Real-World Applications and Challenges
The study analyzed data from nearly three million patients, ultimately narrowing the cohort to 16,400 patients with cancer and VTE. From this population, patients meeting strict inclusion criteria were further refined into a smaller dataset for algorithm training. This meticulous approach ensured that the models were based on incident cases with adequate follow-up, reducing biases and enhancing clinical applicability [1].

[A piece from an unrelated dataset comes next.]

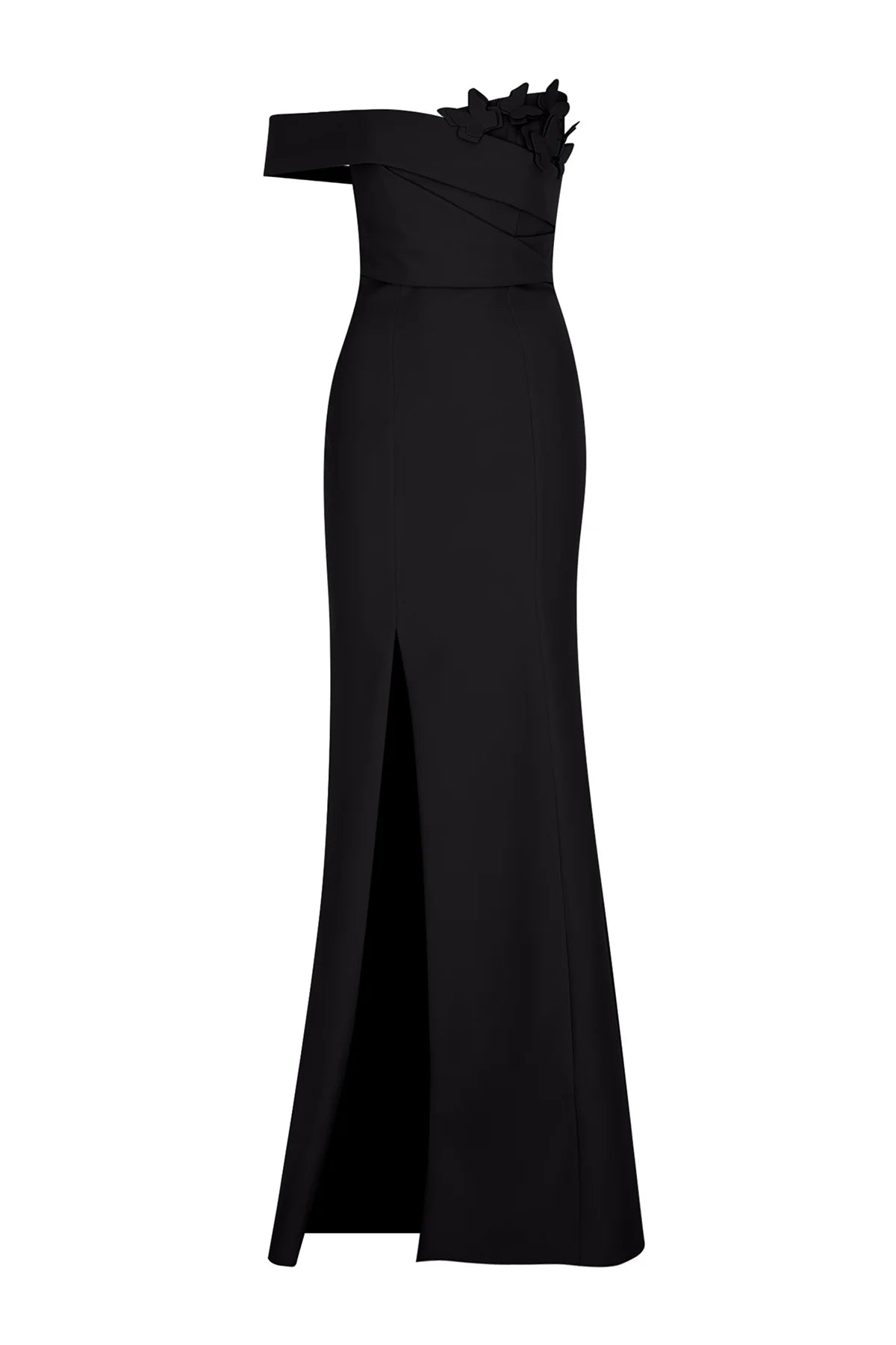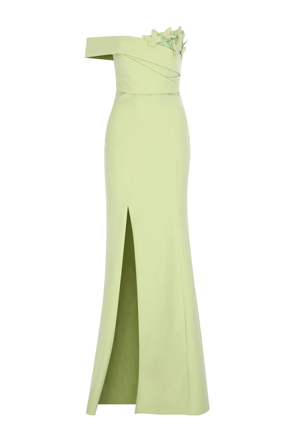 TEK OMUZ VE YIRTMAÇ DETAYLI KELEBEK APLİKELİ ABİYE ELBİSE2257

Despite these advances, Dr. Taberna acknowledged the challenges of translating AI models into everyday practice. A primary concern is ensuring that algorithms are both mathematically sound and clinically relevant. Collaboration between medical and technology teams is essential to develop tools that align with clinical workflows and decision-making processes. Additionally, variations in EHR documentation practices across institutions remain a barrier to broader implementation [1].
Conclusions
Dr. Taberna concluded her presentation by emphasizing the transformative potential of AI in oncology. By enabling the creation of predictive tools tailored to individual patient profiles, AI can help clinicians make more informed decisions and improve outcomes. However, she stressed the importance of robust validation processes and interdisciplinary collaboration to ensure that these technologies meet the highest standards of quality and clinical utility. The success of this research highlights AI’s role as a catalyst for innovation in risk assessment and personalized medicine.
Watch Taberna’s lecture:
References
- Muñoz Martín JA et al. Prediction model for major bleeding in anticoagulated patients with cancer-associated venous thromboembolism using machine learning and natural language processing. Clin Transl Oncol. 2024; Online ahead of print.
- Canales L et al. Assessing the Performance of Clinical Natural Language Processing Systems: Development of an Evaluation Methodology. JMIR Med Inform. 2021; 9(7):e20492.
- Muñoz Martín JA et al. Development of a predictive model of venous thromboembolism recurrence in anticoagulated cancer patients using machine learning. Thromb Res. 2023; 228:181-188.
- Morán LO et al. SEOM clinical guidelines on venous thromboembolism (VTE) and cancer (2023). Clin Transl Oncol. 2024; 26(11):2877-2901.